Albany--  The Albany Police Department has long been fighting a personnel shortage, aggressively working to put more cops on the streets. Monday night, 16 more officers were sworn in.  People in Albany hope that leads to safer streets.

Megan Phillips is your average teenager.  She's spending Spring Break doing yard work.  But at the young age of 13, she's already a victim of crime.

"I saw somebody run through our yard," said Phillips, "I thought they were going to come inside and if they did they were going to hurt us."

Several people jumped the fence last week and began using sticks to bang on the house. They even attempted to steal her bike but left it damaged instead. Ever since then, she's been fearful.

"Don't like it. It was scary.  I just think it's senseless." said Phillips. The swearing in of 16 new Albany Police officers may reduce those senseless crimes. For one recruit, the need to serve runs in his blood.

"They inspired me to be a public servant," said Officer George Camp, Jr.

Camp has a sad inspiration to be an officer. His uncle 43-year-old Jack Camp was recently killed.

"With my Uncle Jack, he was never the talking type but it made me feel real good when I did start the academy.
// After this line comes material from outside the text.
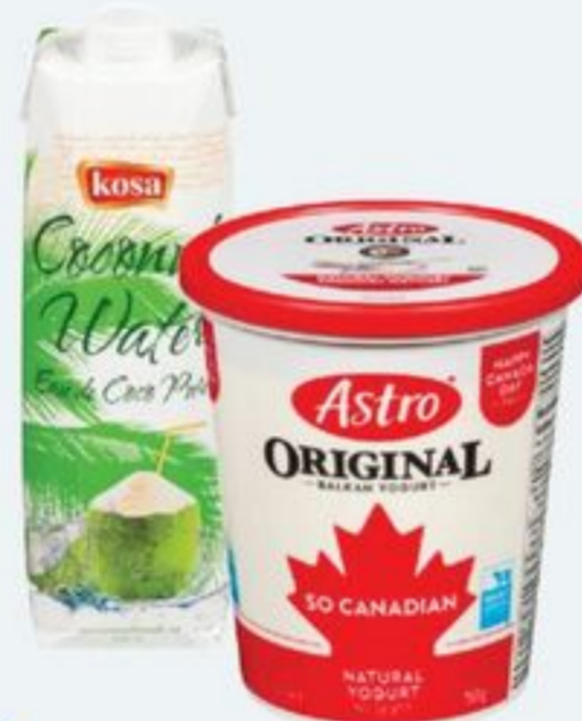
ASTRO YOGURT TUBS 750 G OR KOSA COCONUT WATER 1 L SELECTED VARIETIES 20165226001_EA/20165226001_EA 21176899_EA

He told me he was proud of me and that was one of the few times he did and I wish he could have been there and I know he was there," said Camp.

Now new Officer Camp wants to use what happened to his uncle to be there for his fellow officers.

"I think of him in ways I can be safe, help others be safe, be there for them," said Camp. And he wants to help the Albany community feel safe.  Several graduates took the oath along with him to protect and serve.

"These officers will be working hard to help make the streets safer," said APD Chief James Younger.

That's good news for Megan. "I look a lot around constantly, just worried you know?," said Phillips.

Her worries may now be eased thanks to the brave ones who decided to dedicate their lives to the blue.

Recruits go through rigorous training, of which three graduated with honors. These new graduates are currently going through field training with seasoned officers for twelve weeks.  After that, they'll be officially on the streets of Albany.

A year ago, there were more than 40 vacancies at APD. Those vacancies are now down to just 10.  Chief Younger hopes to fill those in the near future.